Problem & API

Problem Definition

Use TVProblem to define a denoising/reconstruction task:

problem = TotalVariationImageFiltering.TVProblem(
    f;
    lambda,
    spacing = nothing,
    data_fidelity = TotalVariationImageFiltering.L2Fidelity(),
    tv_mode = TotalVariationImageFiltering.IsotropicTV(),
    boundary = TotalVariationImageFiltering.Neumann(),
    constraint = TotalVariationImageFiltering.NoConstraint(),
)

Key inputs:

  • f: AbstractArray{<:AbstractFloat,N} data.
  • lambda: TV weight (>= 0).
  • spacing: nothing, scalar, NTuple{N}, or length-N vector.
  • data_fidelity: L2Fidelity() or PoissonFidelity().
  • tv_mode: IsotropicTV() or AnisotropicTV().
  • boundary: currently Neumann().
  • constraint: NoConstraint(), NonnegativeConstraint(), or BoxConstraint(lower, upper).

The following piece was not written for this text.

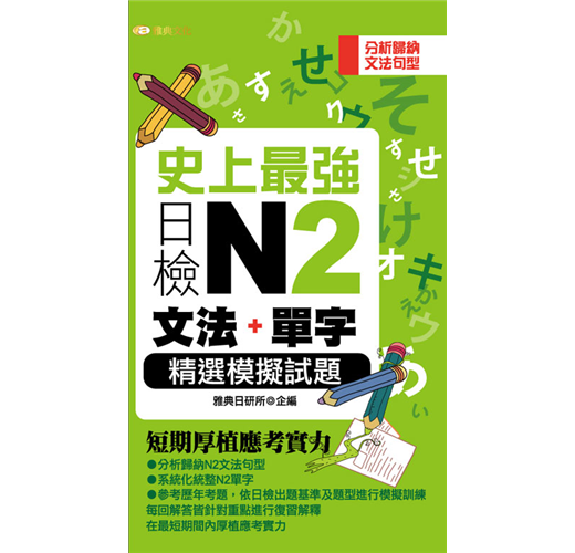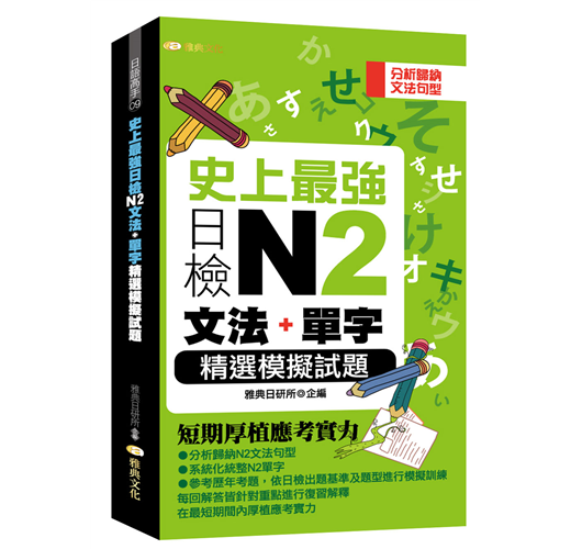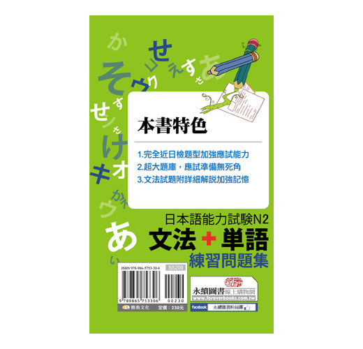 為了增加學習者的實戰經驗,本書依循JLPT所制定之基準及相關概要,以和JLPT類似的考試形式,設計文法及單字的模疑試題,希望學習者在練習之中能熟悉JLPT的出題傾向及作答方式。

TVProblem is immutable, but it stores f by reference. For repeated solves with the same shape/eltype, update f in place (for example copyto!) and reuse the same TVProblem.

Solving a Single Input

Allocate output internally:

u, stats = TotalVariationImageFiltering.solve(problem, TotalVariationImageFiltering.ROFConfig())

Or in place:

u = copy(problem.f)
stats = TotalVariationImageFiltering.solve!(u, problem, TotalVariationImageFiltering.ROFConfig())

stats is:

TotalVariationImageFiltering.SolverStats(iterations, converged, rel_change)

Supported solvers:

  • ROFConfig (ROF model with L2Fidelity).
  • PDHGConfig (L2Fidelity and PoissonFidelity, with optional primal constraints).

ROFConfig currently supports only constraint = NoConstraint().

Warm Starts and State Reuse

For repeated solves, pass reusable workspace:

state = TotalVariationImageFiltering.ROFState(problem.f)   # or PDHGState(problem.f)
u = copy(problem.f)
stats = TotalVariationImageFiltering.solve!(u, problem, TotalVariationImageFiltering.ROFConfig(); state = state)

Behavior:

  • For PDHGConfig, u provides primal warm start.
  • For ROFConfig, state.p is the effective warm start; u is copied into the solver buffer and mainly affects the first relative-change check.
  • state.p (dual variable) is retained across calls.
  • State shape/eltype must match the solve buffer.

Batch API

For arrays shaped (spatial..., batch):

u_batch, stats = TotalVariationImageFiltering.solve_batch(
    f_batch,
    TotalVariationImageFiltering.PDHGConfig();
    lambda = 0.1,
    data_fidelity = TotalVariationImageFiltering.L2Fidelity(),
    constraint = TotalVariationImageFiltering.BoxConstraint(0.0, 1.0),
)

TV operators act on spatial axes only; the last axis is batch index.

The batch stats aggregate per-sample results:

  • iterations: max iterations across samples.
  • converged: true only if all samples converged.
  • rel_change: max relative change across samples.